Rockdale Medical Center is seeing a rise in admissions and quality but also facing rising uncompensated medical care, reported CEO Deborah Armstrong at Tuesday night's Board of Commissioners work session.

Armstrong gave an overview of the hospital performance, accomplishments and contributions over the past year.

"The hospital is more than a place where people go," said Armstrong. "It's a vital part of the community
"We want to be the hospital where patients choose to come, doctors choose to practice, and most importantly our employees want to work there. Our employees are the foundation from a quality perspective."

The hospital was recently named by the national Joint Commission as a Top Performer on four Key Quality measures, a distinction only two other Atlanta-area hospitals received. "It is kind of the ‘Good Housekeeping' seal of approval, from a hospital perspective," said Arnstrong. RMC was also named by Consumer Reports for surgical safety outcomes.

The hospital saw a rise in the number of admissions, more patients on Medicaid and also more patients who were uninsured.
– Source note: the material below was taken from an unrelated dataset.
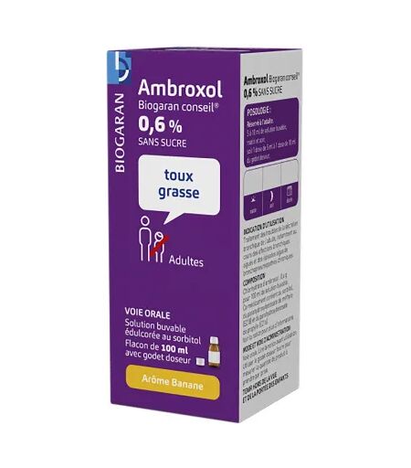 Ce médicament est un expectorant. Il facilite l'évacuation par la toux des sécrétions bronchiques. Il est indiqué dans le traitement des troubles de la sécrétion bronchique de l'adulte, notamment au cours des affections bronchiques aiguës et des épisodes aigus des bronchopneumopathies chroniques. Si votre médecin vous a informé(e) d'une intolérance à certains sucres, contactez-le avant de prendre ce médicament. Ne prenez jamais AMBROXOL BIOGARAN CONSEIL 0,6 % SANS SUCRE, solution buvable édulcorée au sorbitol:si vous êtes allergique (hypersensible) à la substance active (l'Ambroxol) ou à l'un des composants de ce médicament. Vous trouverez la liste des composants à la rubrique 6.EN CAS DE DOUTE, IL EST INDISPENSABLE DE DEMANDER L'AVIS DE VOTRE MEDECIN OU DE VOTRE PHARMACIEN Faites attention avec AMBROXOL BIOGARAN CONSEIL 0,6 % SANS SUCRE, solution buvable édulcorée au sorbitol:Il est conseillé de ne pas prendre de médicament antitussif ou de médicament asséchant les sécrétions bronchiques durant la période de traitement par ce médicament.Respectez les posologies et la durée de traitement préconisées.L'utilisation de ce médicament est déconseillée chez les patients présentant une intolérance au fructose (maladie héréditaire rare). En raison de la présence de sorbitol, ce médicament peut provoquer des troubles digestifs légers (diarrhées).Valeur calorique 2,6 kcal par g de sorbitol.Ce médicament contient du parahydroxybenzoate de méthyle (E218) et du parahydroxybenzoate de propyle (E216) et peut provoquer des réactions allergiques (éventuellement retardées).EN CAS DE DOUTE NE PAS HESITER A DEMANDER L'AVIS DE VOTRE MEDECIN OU DE VOTRE PHARMACIEN Prise ou utilisation d'autres médicamentsSi vous prenez ou avez pris récemment un autre médicament, y compris un médicament obtenu sans ordonnance, parlez-en à votre médecin ou à votre pharmacien. Grossesse - AllaitementIl est préférable de ne pas utiliser ce médicament pendant la grossesse et au cours de l'allaitement.Si vous découvrez que vous êtes enceinte pendant le traitement, consultez votre médecin car lui seul peut juger de la nécessité de le poursuivre.Demandez conseil à votre médecin ou à votre pharmacien avant de prendre tout médicament. Liste des excipients à effet notoire: sorbitol, parahydroxybenzoate de méthyle (E218), parahydroxybenzoate de propyle (E216). Réservé à l'adulte.PosologieLa posologie de ce médicament est de 5 à 10 ml de solution buvable, matin et soir:soit 1 dose de 5 ml à 1 dose de 10 ml du godet-doseur ou1 à 2 cuillères-mesures, matin et soir.Si vous avez l'impression que l'effet d'AMBROXOL BIOGARAN CONSEIL 0,6 % SANS SUCRE, solution buvable édulcorée au sorbitol est trop fort ou trop faible, consultez votre médecin ou votre pharmacien.Mode d'administrationVoie orale.Utiliser le godet-doseur ou la cuillère-mesure fournis pour mesurer la quantité de produit à prendre par prise.Pour bien mesurer la quantité de produit avec le godet-doseur:Positionner le godet-doseur à... ...

The number of admissions grew about 3 percent from about 8,400 in 2012 to a projected 8,700 for 2013

The number of ER visits also increased from 48,696 in 2012 to a projected 50,337 in 2013.

Many of those ER visits are not true emergency visits, she pointed out. The hospital does operate an urgent care facility as does Concentra.

"Urgent care is a good access point for lots of people," she said. Patients who don't have a true emergency situation can visit urgent care instead, helping to clear the clog of people at the ER. She said the local health safety net and nonprofit community is looking at ways of educating the public about using urgent care facilities instead.

One of the biggest increases is the amount of uncompensated care, which includes both charity work and unpaid hospital care.

"This is where our hospital is feeling the most burden," said Armstrong.

It is projected to increase from $35.9 million last year to $46.2 million, this year, up 29 percent.

The number of Medicaid patients grew about 3 percent, which is slower than last year's Medicaid patient increase of 15 percent.

"There's a lot of people in Georgia today who are eligible for Medicaid who aren't accessing it," she said. Although Medicaid compensates below cost, said Armstrong, it is better than no compensation.

The hospital is seeing also increased scrutiny from Medicaid and insurers. "If every T is not crossed and I dotted we run the risk of not being able to keep the money for the work we've done," she said.

The proportion of patients paying with Medicaid increased from 18.2 percent two years ago to 26.2 percent in 2013. The proportion of self-pay patients, or uninsured patients, also grew from 8.5 percent in 2011 to 10.2 percent in 2013.

Infant births were flat, reflecting the national trend of a lower birth rate during the recession.

The hospital, which was opened in 1956 and purchased by LifePoint Hospitals in 2009, pays about $1.8 million in local taxes.

Rockdale Medical is also one of the large employers in the area. The 158 in-patient bed acute-care hospital employs about 1,232, with 372 living in Rockdale County and 293 living in Newton County. Of those, more than 800 positions are professional or well-paying positions. It also partners with 30 physicians.

Some areas that the hospital is looking to expand services include a stroke center and neurosciences services, surgical services, and chest pain and cardiovascular intervention.